BUILD A SECURITY SYSTEM WITH LIDS

Xie Huagang (`xhg@ncic.ac.cn,` `http://www.lids.org`)

Tue Apr 18 00:02:12 CST 2000.

LIDS ( Linux Intrusion Detection System) is a linux kernel patch to enhance the the linux kernel. In this article, we will talk about the LIDS including what it can do and how to use it to build a security linux system.

1.Why LIDS
2.Features about LIDS
3.Build a security linux system with LIDS
4.Configurate LIDS
5.Thanks

懒得看英文的朋友可以先看看这个中文简介。。。

1. Why LIDS.

With increasing popularity of Linux on Internet , more and more security holes are found in the current GNU/Linux system.
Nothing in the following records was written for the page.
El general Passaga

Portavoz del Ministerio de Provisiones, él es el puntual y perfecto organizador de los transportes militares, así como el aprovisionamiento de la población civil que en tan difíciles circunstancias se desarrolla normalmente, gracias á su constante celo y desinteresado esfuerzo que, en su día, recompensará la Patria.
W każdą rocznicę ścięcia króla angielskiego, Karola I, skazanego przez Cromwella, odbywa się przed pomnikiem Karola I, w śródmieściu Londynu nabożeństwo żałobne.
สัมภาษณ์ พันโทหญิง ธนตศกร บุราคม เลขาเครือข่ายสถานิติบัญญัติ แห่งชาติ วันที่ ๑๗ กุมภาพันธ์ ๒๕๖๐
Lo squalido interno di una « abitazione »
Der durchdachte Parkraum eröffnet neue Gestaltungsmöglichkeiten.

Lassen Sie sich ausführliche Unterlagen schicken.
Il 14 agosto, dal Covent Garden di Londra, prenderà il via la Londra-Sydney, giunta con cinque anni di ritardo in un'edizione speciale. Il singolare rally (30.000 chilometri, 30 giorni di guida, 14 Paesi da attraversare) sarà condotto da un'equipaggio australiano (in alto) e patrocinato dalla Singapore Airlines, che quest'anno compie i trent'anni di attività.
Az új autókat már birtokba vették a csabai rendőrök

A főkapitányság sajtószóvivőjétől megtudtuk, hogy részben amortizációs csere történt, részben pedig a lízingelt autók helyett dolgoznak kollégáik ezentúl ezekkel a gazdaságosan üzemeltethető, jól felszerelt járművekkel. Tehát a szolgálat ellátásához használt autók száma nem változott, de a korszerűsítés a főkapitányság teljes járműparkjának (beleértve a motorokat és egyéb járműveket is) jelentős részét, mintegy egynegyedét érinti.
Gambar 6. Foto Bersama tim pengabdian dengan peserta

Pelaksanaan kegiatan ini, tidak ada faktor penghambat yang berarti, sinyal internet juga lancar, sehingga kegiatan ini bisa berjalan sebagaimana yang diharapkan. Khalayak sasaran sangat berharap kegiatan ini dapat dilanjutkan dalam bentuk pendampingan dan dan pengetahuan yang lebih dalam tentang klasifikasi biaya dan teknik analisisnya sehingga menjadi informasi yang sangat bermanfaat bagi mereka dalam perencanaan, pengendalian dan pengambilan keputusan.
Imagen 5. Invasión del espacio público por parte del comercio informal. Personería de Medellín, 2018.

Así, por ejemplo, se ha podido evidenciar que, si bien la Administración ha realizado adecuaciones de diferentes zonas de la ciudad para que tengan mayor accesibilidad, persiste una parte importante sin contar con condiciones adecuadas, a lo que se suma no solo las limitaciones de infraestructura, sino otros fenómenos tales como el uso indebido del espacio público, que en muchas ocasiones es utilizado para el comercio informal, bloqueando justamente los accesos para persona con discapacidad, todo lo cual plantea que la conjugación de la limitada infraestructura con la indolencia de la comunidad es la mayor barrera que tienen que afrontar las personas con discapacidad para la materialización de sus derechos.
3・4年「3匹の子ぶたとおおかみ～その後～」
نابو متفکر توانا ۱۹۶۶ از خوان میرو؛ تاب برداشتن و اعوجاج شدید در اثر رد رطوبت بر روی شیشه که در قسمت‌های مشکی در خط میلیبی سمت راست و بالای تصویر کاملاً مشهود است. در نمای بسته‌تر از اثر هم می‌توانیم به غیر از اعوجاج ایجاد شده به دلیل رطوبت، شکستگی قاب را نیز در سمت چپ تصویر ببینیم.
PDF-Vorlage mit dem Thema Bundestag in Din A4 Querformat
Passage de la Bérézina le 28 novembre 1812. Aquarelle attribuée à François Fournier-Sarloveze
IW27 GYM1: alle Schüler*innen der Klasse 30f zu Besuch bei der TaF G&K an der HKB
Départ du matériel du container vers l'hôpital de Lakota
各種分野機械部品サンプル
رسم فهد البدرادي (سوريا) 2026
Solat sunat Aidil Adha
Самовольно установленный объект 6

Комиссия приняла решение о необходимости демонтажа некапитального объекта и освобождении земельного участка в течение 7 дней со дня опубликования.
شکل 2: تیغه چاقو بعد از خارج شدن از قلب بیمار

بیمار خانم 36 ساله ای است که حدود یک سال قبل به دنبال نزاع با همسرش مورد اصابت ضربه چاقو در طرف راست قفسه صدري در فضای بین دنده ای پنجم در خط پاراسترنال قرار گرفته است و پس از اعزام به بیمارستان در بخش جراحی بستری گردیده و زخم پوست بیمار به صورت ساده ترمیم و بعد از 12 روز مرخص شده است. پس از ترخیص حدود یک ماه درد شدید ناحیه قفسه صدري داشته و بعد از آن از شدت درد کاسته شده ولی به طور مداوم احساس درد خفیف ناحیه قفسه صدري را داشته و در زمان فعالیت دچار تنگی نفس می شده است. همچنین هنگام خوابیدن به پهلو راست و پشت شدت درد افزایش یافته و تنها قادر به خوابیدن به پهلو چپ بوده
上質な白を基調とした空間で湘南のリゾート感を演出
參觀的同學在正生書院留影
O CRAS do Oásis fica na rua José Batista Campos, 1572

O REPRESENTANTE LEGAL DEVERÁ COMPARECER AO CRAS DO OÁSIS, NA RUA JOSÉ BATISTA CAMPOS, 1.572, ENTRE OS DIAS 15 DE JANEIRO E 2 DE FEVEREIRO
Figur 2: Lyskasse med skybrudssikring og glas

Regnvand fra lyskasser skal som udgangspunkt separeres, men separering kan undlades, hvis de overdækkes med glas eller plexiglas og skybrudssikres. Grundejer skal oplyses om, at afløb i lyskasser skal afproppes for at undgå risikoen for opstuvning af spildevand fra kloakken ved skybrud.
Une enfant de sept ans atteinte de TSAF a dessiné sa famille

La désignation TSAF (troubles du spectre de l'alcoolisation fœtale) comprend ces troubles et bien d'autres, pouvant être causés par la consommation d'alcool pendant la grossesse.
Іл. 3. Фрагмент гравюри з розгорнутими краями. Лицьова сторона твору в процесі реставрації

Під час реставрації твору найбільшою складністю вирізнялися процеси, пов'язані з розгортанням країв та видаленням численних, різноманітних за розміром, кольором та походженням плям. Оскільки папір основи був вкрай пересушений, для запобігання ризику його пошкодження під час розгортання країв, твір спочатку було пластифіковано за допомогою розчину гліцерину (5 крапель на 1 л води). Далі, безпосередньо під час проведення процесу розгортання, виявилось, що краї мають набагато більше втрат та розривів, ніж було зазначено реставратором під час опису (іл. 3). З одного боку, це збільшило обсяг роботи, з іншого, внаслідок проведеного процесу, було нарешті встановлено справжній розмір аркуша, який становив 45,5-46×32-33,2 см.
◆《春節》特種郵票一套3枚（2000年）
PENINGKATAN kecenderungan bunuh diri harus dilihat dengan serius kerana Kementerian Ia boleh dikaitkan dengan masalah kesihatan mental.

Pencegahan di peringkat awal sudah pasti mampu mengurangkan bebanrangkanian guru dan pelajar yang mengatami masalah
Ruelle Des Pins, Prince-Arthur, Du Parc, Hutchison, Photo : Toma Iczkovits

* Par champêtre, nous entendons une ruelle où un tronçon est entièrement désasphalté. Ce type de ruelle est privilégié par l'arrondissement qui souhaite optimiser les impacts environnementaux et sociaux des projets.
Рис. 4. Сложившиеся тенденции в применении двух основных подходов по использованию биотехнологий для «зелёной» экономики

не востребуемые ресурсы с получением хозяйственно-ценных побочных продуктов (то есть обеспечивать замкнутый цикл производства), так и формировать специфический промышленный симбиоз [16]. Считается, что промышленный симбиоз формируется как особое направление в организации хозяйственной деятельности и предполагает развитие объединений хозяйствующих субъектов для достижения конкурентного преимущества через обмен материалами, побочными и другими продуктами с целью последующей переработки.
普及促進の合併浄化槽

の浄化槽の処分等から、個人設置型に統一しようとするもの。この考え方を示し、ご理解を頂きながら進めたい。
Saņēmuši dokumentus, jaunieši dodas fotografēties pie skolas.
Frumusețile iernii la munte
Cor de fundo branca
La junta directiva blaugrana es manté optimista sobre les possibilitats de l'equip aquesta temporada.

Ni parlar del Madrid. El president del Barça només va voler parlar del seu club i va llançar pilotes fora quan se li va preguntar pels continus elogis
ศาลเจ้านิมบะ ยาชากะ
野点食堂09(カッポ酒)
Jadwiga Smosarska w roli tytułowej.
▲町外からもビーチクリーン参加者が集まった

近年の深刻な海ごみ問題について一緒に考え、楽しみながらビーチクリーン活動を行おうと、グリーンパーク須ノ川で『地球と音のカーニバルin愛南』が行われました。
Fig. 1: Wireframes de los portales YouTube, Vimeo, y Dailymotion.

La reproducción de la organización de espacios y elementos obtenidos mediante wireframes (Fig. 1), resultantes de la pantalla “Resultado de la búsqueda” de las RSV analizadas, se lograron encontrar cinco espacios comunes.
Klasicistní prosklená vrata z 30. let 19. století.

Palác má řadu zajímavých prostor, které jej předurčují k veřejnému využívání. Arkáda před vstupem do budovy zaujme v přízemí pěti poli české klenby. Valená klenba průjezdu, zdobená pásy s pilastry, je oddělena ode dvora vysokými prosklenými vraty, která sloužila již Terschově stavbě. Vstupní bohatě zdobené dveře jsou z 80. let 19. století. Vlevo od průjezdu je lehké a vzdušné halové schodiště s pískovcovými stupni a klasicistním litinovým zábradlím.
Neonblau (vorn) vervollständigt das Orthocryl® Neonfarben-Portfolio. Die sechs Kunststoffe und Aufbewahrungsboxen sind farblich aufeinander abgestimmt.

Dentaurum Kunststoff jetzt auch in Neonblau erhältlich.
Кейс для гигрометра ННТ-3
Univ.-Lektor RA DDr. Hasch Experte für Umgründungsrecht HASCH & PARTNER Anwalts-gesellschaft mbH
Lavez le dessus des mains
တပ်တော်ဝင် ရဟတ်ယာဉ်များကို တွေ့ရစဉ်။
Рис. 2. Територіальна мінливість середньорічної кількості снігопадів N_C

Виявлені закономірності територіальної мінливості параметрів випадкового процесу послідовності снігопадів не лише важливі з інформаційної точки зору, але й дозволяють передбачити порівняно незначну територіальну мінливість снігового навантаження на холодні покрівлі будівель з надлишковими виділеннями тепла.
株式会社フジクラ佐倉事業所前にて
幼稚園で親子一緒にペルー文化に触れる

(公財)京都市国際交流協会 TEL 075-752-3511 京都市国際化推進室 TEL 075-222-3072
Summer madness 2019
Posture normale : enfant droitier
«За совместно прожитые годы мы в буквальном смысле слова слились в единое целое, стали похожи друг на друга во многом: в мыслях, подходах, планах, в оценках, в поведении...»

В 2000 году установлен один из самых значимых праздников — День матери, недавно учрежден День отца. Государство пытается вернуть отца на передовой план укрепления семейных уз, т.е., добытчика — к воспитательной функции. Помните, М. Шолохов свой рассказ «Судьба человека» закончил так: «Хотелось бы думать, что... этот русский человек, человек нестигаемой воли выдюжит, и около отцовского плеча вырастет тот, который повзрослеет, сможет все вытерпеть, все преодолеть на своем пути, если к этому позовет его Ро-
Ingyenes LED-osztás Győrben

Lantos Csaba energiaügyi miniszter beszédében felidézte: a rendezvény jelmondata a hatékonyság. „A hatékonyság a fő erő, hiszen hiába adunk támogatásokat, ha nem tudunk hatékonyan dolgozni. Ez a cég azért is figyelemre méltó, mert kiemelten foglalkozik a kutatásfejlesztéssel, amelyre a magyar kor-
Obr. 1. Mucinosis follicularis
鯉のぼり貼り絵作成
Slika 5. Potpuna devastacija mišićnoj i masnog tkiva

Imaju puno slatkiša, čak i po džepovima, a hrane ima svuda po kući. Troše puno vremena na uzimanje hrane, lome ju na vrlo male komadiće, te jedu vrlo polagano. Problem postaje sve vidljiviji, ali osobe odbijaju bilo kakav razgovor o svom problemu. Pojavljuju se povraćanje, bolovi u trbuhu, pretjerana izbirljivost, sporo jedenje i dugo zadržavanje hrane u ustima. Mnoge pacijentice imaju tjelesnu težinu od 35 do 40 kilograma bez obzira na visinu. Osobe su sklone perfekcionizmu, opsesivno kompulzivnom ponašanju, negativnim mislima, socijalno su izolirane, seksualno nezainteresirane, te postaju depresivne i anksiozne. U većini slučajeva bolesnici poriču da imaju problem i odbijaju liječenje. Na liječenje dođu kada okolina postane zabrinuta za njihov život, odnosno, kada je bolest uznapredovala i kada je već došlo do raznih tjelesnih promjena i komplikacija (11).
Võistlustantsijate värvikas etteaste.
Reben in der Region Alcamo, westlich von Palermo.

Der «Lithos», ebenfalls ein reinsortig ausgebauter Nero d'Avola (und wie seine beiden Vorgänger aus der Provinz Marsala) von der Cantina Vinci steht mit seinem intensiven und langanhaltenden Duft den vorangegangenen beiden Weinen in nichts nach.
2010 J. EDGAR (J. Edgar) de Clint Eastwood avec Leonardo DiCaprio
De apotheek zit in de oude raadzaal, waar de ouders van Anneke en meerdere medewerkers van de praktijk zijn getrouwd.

You may hear from the Internet that - There are bugs found in Linux, which will cause the system to be easily compromised by hacker.

Since the Linux is an art of open source community, security holes can be found easily and can also be patched quickly. But when the hole is disclose to the public, and the administrator is too lazy to patch the hole. It is very easy to break into the current system and it is worse that the hacker can get the root shell. With the current GNU/linux system, he can do whatever he want. Now, you may ask, what is the problem and what can we do?

What's wrong with the current GNU/Linux system.

superuser (root) may abuse the rights Being a root, he can do whatever he want. Even the capability existing in the current the system. As a root, he can easily change the capability.
Many system files can be changed easily. There are many important files, such as /bin/login, in the system. if the hacker come in, he can upload a changed login program to replace /bin/login , so he can re-login without any login name of password. But the files do not need to change frequently, unless you want to upgrade the system.
Modules is easily used to intercept the kernel. Module is a good design for the linux kernel to make the linux kernel more modulized and more felixible. But after the modules inserted into the kernel, it will be part of the kernel and can do what the original kernel can do. Therefore some unfriendly code could be written as a modules and inserted into to kernel, the code can even redirect the system call and act like a virus.
Process is unprotected. Certain processes, such as web server daemon, which are critical to to system is not under strict protection. Therefore, there are vulnerable to the attack of hackers.

With above description about insecurity thing, how can we build a security system? we must have a security kernel and then build our security system on top of it. This is what LIDS do.

2. Features about LIDS.

The Linux Intrusion Detection System is a patch which enhances the kernel's security. When it is in effect, chosen files access, every system/network administration operations, any capability use, raw device, mem and I/O access can be made impossible even for root. It uses and extends the system capabilities bounding set to control the whole system and adds some network and filesystem security features in kernel to enhance the security. You can finely tune the security protections online, hide sensitive processes, receive security alerts through the network, and more.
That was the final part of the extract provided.